Therefore, when passing through the delay line 373, clock signals having different phases or more than the number of source drivers provided are output. Each second data synchronized with the respective clock signals is output to the source drivers.

4A is a diagram illustrating signals or data input and output to and from the LCD device of FIG. 3A.

Referring to FIG. 4A, during the logic high period of the data enable signal DE, the first data D1 output from the host system 315 is transmitted to the timing controller 310.

The second data transmitted from the timing controller 310 to the first source driver SD1 361 is output at a3 time point. The second data transmitted to the second source driver (SD2) 362 is output at the time b1. The second data transmitted to the third source driver SD3 363 is output at the time c1. As described above, while passing through the phase-locked loop 319 or the delay line 373, respectively, is synchronized to the clock signal having a different phase, the output time point is different.

In addition, a data load time is individually set in the packet data.

Preferably, the loading time in each of the source drivers is set differently. That is, the second data transmitted to the first source driver 361 is loaded at a4 time point, and the second data transmitted to the second source driver 362 is loaded at b2 time point. In this way, by varying the load time points, the simultaneous switching noise is reduced, and the data load time between the source drivers caused by the delay of the panel gate line is reduced. It can make up for the difference.

Here, the form of the second data transmitted to the source drivers will be described later with reference to FIG. 4B.

4B is a diagram illustrating one form of second data input and output to FIG. 3A.

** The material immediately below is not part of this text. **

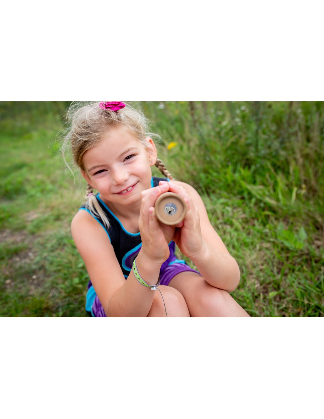 Este caleidoscopio viene preparado para que cada uno introduzca en él los elementos con los que quiera experimentar la magia de este objeto. Se pueden introducir pétalos de flores o cualquier otro elemento que se encuentre en la naturaleza.
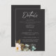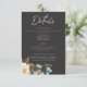 Our charcoal black wedding details enclosure card with a striking white peony, soft yellow centre, lush greenery, and delicate cotton bolls is a modern masterpiece. Add your favourite photo to set the stage for your announcement. The crisp white text adds a touch of elegance, while the dark background creates a dramatic backdrop for your special day. Add your favourite photo This design is a breathtaking blend of modern elegance and timeless romance. Created by Simply Farmhouse Press.

Referring to FIG. 4B, the second data D2 has a form of packet data. The packet data 430 includes a header 431 and a payload unit 435.

Here, the header 431 is a part having information regarding what data the data of the payload unit 435 is. The payload unit 435 becomes a part having substantial information about image data, loading time, charge sharing time, or the like. The packet data generator 320 generates the second data D2.

The payload data may be data load time information that is a time point at which the second data D2 is loaded from the source driver to the panel display according to the value of the header 431. In addition, the charge sharing time (charge sharing time), the exact address where the data is located, or the size information of the data may be further included.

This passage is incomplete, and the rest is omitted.